The Saudi response was both brutal and predictable. Security forces shot and killed three protesters and wounded many more over several days of crackdowns in the eastern city of Qatif. Clashes continued throughout December as demonstrators battled security forces who routinely utilized live ammunition. In a series of retaliatory raids on the homes and districts of protest sympathizers hundreds were arrested and wounded. The killings along with the continued discrimination and mistreatment of the Shia of the Eastern Province has formed the basis of the current protest movement - a protest movement that has suffered heavily like its neighbour in Bahrain, but with little in the way of a headline.

Today, while attention was focused on the Strait of Hormuz, on Syria, and on the rising tensions in Bahrain, Saudi security forces launched an assault on the city of Awamiyah killing at least one and wounding half a dozen more. Eye witnesses have stated that soldiers on trucks opened fire on demonstrators, hitting many as they fled. The attack bears all the hallmarks of a planned operation with electricity being cut to the area prior to the assault. The area at the time of writing is apparently still under military lock-down and reflects a state of siege with clashes continuing to occur and gunfire being heard.
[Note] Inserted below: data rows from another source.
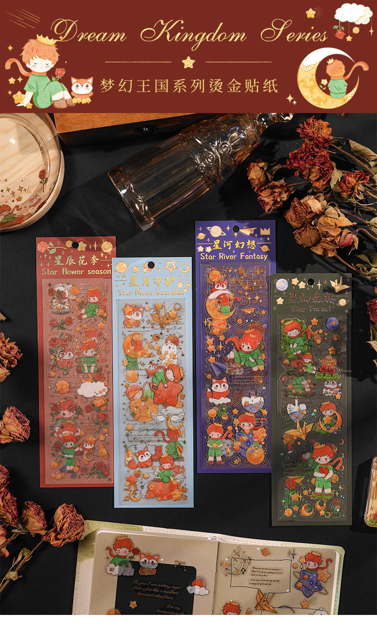 Pequeño Príncipe Rosa estrella sueño estéreo bronceado mano libro pegatinas DIY Goo tarjeta impermeable PVC lindo material decorativo pegatinas
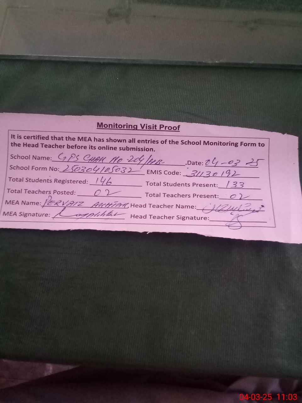 | Attendance Register | Head Teacher | MEA with School | Visit Proof |
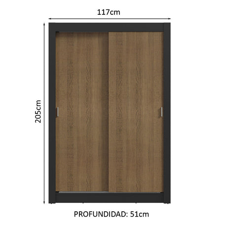 Placard Soltero 2 Puertas Corredizas Negro/Marrón Milan...
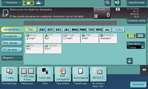 Si toca el icono de voz en la pantalla en el modo de escanear/enviar por fax del estilo clásico, la máquina lee en voz alta el procedimiento de funcionamiento cuando introduce directamente un número de fax. Además, cuando selecciona un destino en la libreta de direcciones o el historial, esta máquina lee en voz alta el procedimiento de funcionamiento. Esta opción sirve para evitar que un fax se envíe a un destino incorrecto.
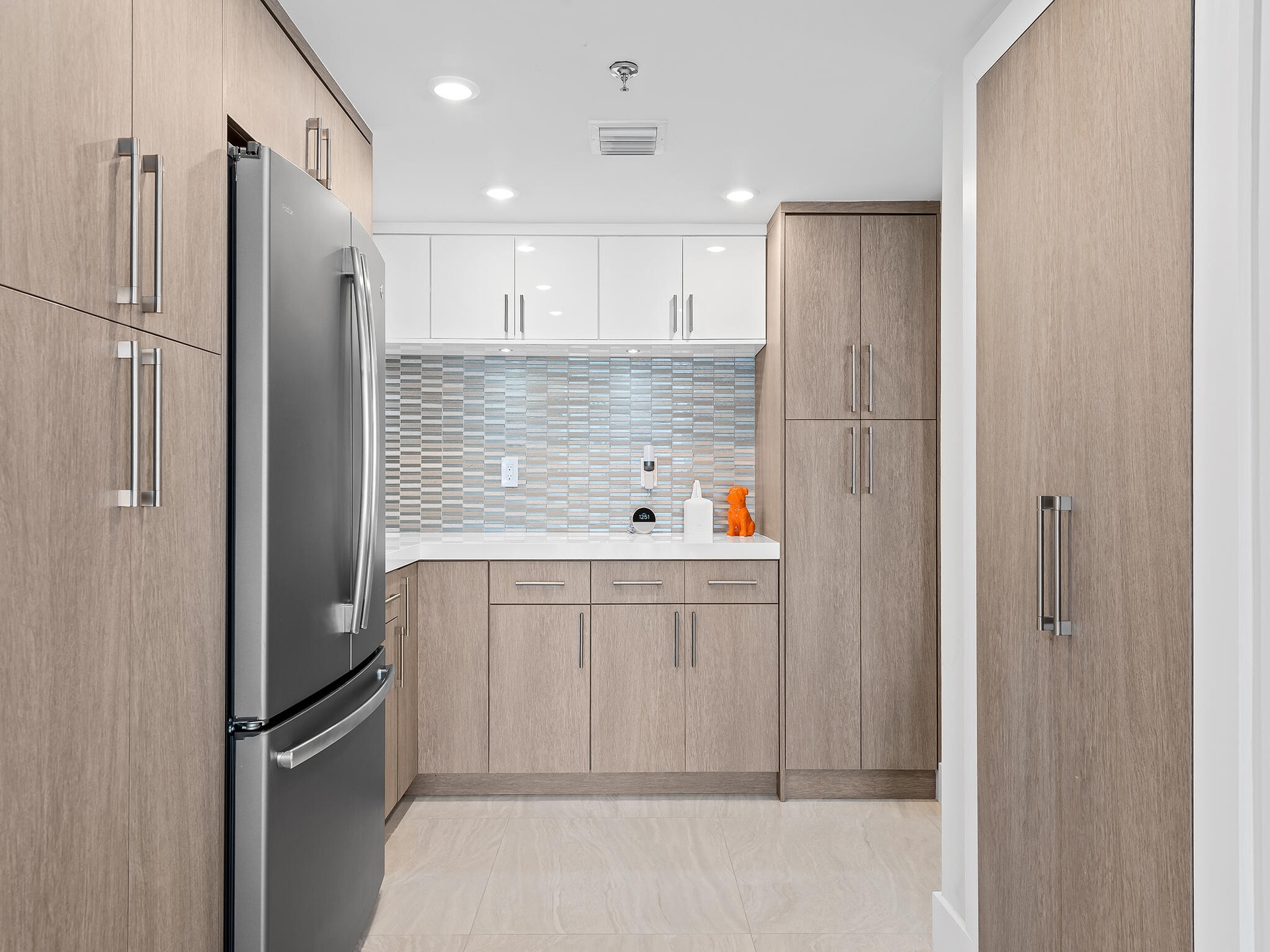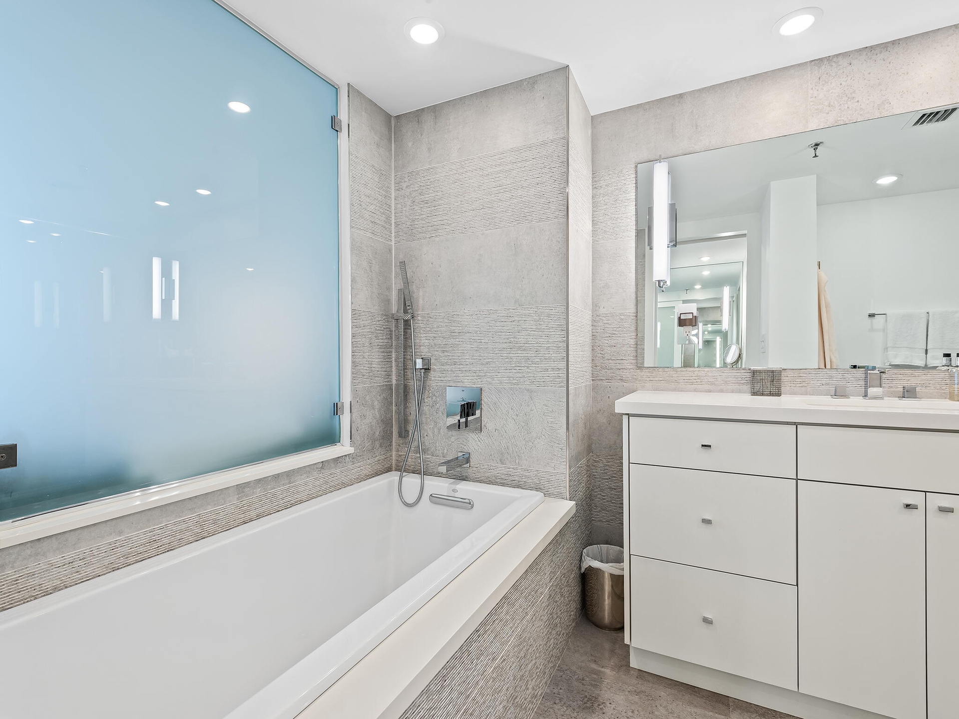 Beautifully renovated contemporary oceanfront condo with ocean views, offering sunrises along with city and Intracoastal views and sunsets! The large balcony offers and inviting space to relax, entertain & enjoy the coastal lifestyle! Split-bedroom layout provides privacy, complemented by sleek pocket doors with frosted glass and updated bathrooms. The modern kitchen showcases an illuminated quartzite countertops, combining style and functionality. The building has recently completed major improvements, including concrete restoration and a new roof, and is fully funded for SIRS requirements.Additional upgrades include impact glass throughout, renovated corridors, and a stylish new social room. Resort-style amenities, including a pool, sauna, Spa/hot tub, fitness center & bike storage.
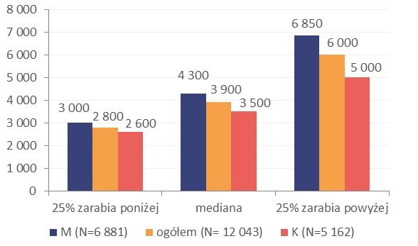 Także i w tej grupie mężczyźni zarabiali więcej od kobiet. Mediana wynagrodzeń panów po 50. roku życia wyniosła 4 300 PLN i była o 800 PLN wyższa niż mediana wynagrodzeń kobiet. Natomiast 25% mężczyzn zarabiało nie mniej niż 6 850 PLN, ale już 25% kobiet zarabiało przynajmniej 5 000 PLN brutto miesięcznie.
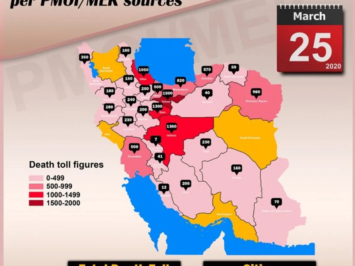 Potrivit MEK, numărul de morți este după cum urmează: Tehran 1.700, Isfahan 1.360, Qom (epicentrul epidemiei) 1.300, Gilan 1.050, Khorasan Razavi 980, Mazandaran 820, Khuzestan 500, Kermanshah 280, Yazd 230, Lorestan 230, Hamadan 240, Zanjan 150.
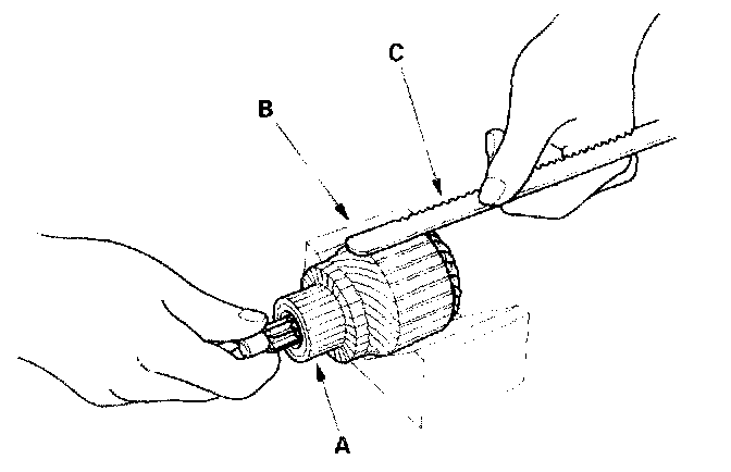 12. Place the armature (A) on an armature tester (B). Hold a hacksaw blade (C) on the armature core. If the blade is attached to the core or vibrates while the core is turned, the armature is shorted. Replace the armature.

This attack was almost certainly condoned by the royal family and comes on the heels of a series of indictments against demonstrators and high profile invectives against the protest movement. Despite this attack and others like it, the rumblings and tremors of protest and crackdown show no sign of abatement. Indeed in the past few months they have once again reared their head in the south west in Najran and Jazan, compounded with protests over women’s rights in Riyadh and Buraydah.

These protests bear all the hallmarks of a movement which could coalesce and burst anew from the ashes of the disjointed and largely suppressed protests of last spring. They also come at an extremely troubling time for the kingdom. The death of Crown Prince Sultan highlighted the geriatric character of the upper echelons of the ruling family, and the potential uncertainty and disquiet surrounding the issue of succession. Meanwhile, continuing tensions in the Strait of Hormuz and rising furor on the streets of Bahrain open up the risk of unrest spreading to the kingdom in a domino effect. Indeed the extremely aggressive Saudi position on Bahrain and the continued quartering of troops in the tiny island monarchy has a direct relationship to their fears of domestic instability. The possibility of Saudi Shia rallying on behalf of their co-religionists in Bahrain, or vice versa is a looming threat that the Saudis are taking great pains to neutralize.

Though the protests currently centre on a single province, the Eastern Province is home to the majority of Saudi energy reserves, terminals, and processing facilities. Disruption and upheaval in this province has a disproportionate impact on Saudi Arabia. A protracted and visible uprising would not only weaken the Saudi government internally but could have a tumultuous impact on the global energy market. This is all the more reason for not only the media, but for western governments to begin taking an active interest in the ongoing street conflict.

Saudi rulers certainly understand the threat posed by the protesters and the risk of an expanding movement: their actions are a testament to that fact. So why is the world’s media apparently incapable of recognizing the same thing? Arab media has been noticeably silent, with the two largest Arab media entities the Saudi-owned al-Arabiya and the Qatari-owned al-Jazeera having said almost nothing. However there is little excuse for western media. Saudi Arabia is probably America's most important Arab ally, the world’s most important single energy node, and one of the most influential countries in the region. It's also experiencing its worst domestic upheavals since its rebellions of the early 1980's. Taken in a vacuum this is a significant news story. When set against the context of the unfolding drama in the Gulf and the wider contours of the Arab Spring, it is incredible.

The past year was a bad one for Saudi Arabia: the coming year augurs to be even worse. The time has come to slice through the veil Saudi Arabia has kept around its crackdown and recognize that the Arab Spring at least in limited form has hit the kingdom. What comes next is difficult to say, but with the rapidity of change that the Arab Spring has introduced us to, it would be wise to pay close attention to the warning signs as they appear. It is entirely possible that we will see a very, very, warm spring in Saudi Arabia.